* _ACTIVITY_
Transcribe only the part of the material below that begins at the line containing "متنوعه باللغه العربيه" and ends at the line containing "奥行13㎝ 17㎏ 140サイズ", with both kept and images left out.

── SUPPLIED DATA ──

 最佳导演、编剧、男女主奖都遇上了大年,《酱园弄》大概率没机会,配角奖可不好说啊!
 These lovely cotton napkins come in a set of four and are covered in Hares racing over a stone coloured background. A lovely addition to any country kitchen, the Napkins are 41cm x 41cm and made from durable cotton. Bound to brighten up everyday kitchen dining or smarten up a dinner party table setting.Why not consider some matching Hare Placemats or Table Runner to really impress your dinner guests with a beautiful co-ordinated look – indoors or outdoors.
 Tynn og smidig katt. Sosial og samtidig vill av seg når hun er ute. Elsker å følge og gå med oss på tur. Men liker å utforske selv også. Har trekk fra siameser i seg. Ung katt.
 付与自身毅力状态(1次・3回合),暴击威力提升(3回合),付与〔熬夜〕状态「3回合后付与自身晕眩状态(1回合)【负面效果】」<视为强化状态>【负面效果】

───
── SUPPLIED DATA ──

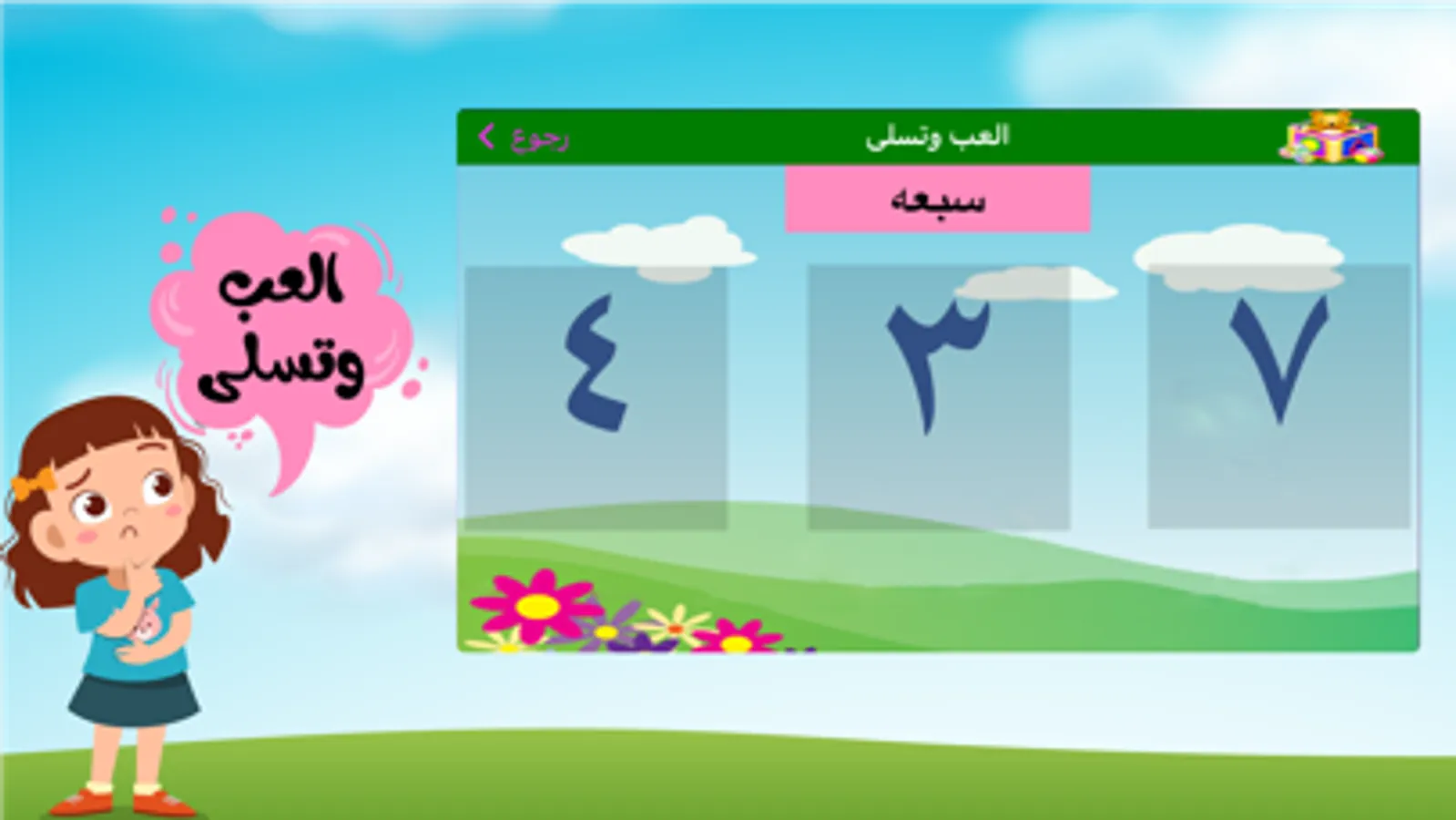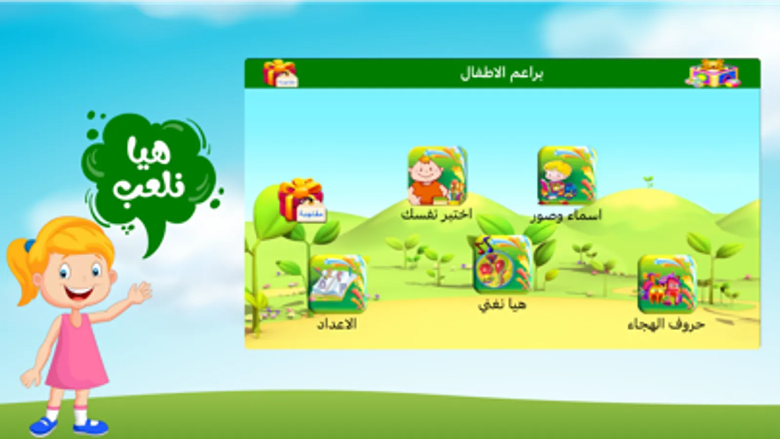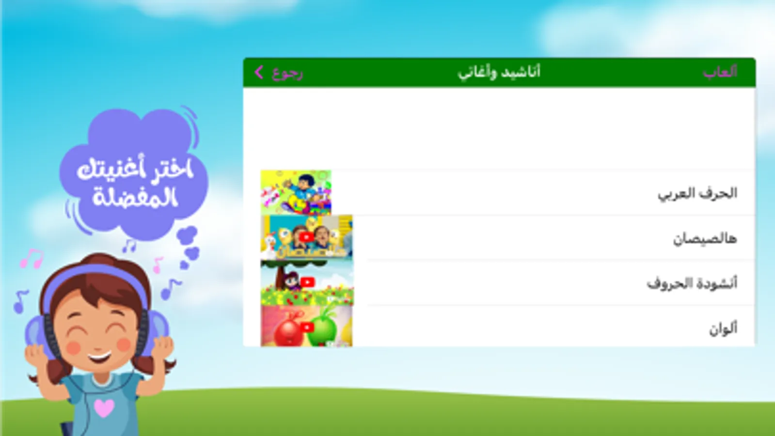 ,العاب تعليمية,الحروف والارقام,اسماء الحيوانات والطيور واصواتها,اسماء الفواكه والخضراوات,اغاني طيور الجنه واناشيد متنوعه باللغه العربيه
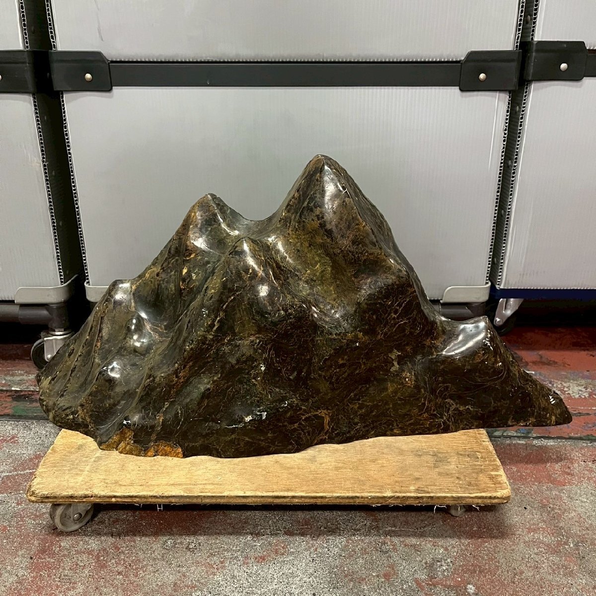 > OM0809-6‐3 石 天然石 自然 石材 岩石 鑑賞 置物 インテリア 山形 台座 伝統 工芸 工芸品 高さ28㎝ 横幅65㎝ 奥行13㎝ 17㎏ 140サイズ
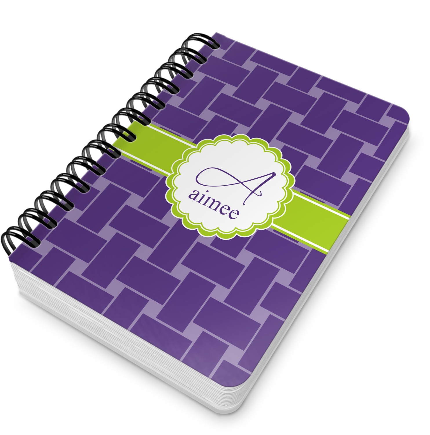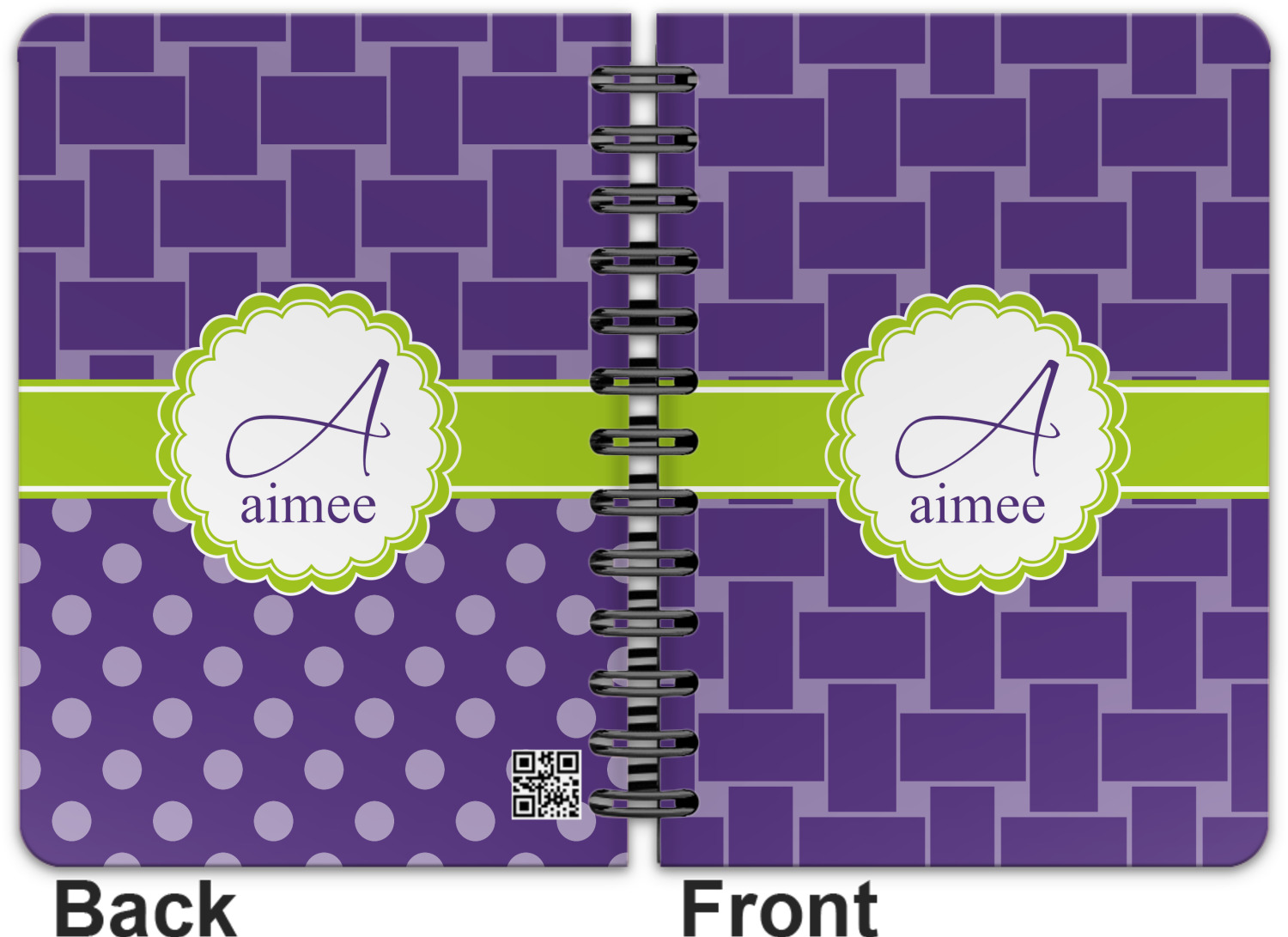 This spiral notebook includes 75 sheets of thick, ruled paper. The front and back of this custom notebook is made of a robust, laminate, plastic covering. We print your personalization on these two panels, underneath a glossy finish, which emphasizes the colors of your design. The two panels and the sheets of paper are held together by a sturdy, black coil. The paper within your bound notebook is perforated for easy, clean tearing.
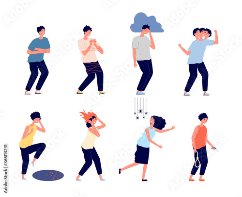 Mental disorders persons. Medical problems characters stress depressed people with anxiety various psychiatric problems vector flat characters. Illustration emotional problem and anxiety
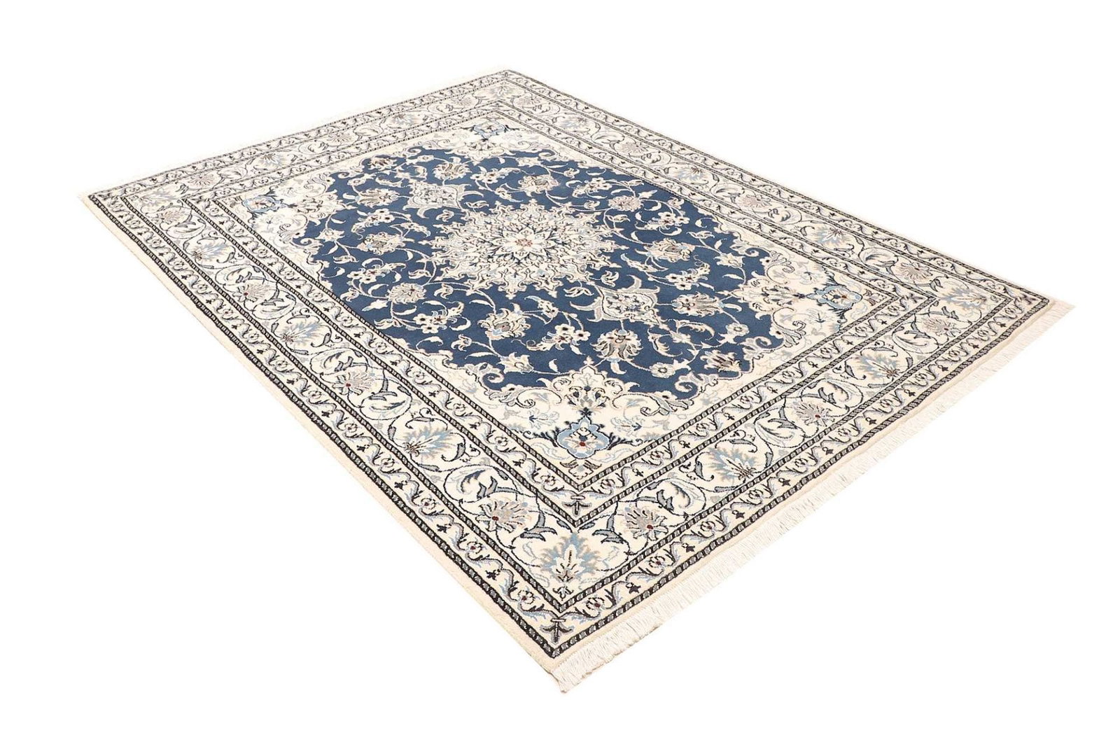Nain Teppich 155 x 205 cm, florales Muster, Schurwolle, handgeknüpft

───

* _EXERCISE RESULT_
 ,العاب تعليمية,الحروف والارقام,اسماء الحيوانات والطيور واصواتها,اسماء الفواكه والخضراوات,اغاني طيور الجنه واناشيد متنوعه باللغه العربيه
 > OM0809-6‐3 石 天然石 自然 石材 岩石 鑑賞 置物 インテリア 山形 台座 伝統 工芸 工芸品 高さ28㎝ 横幅65㎝ 奥行13㎝ 17㎏ 140サイズ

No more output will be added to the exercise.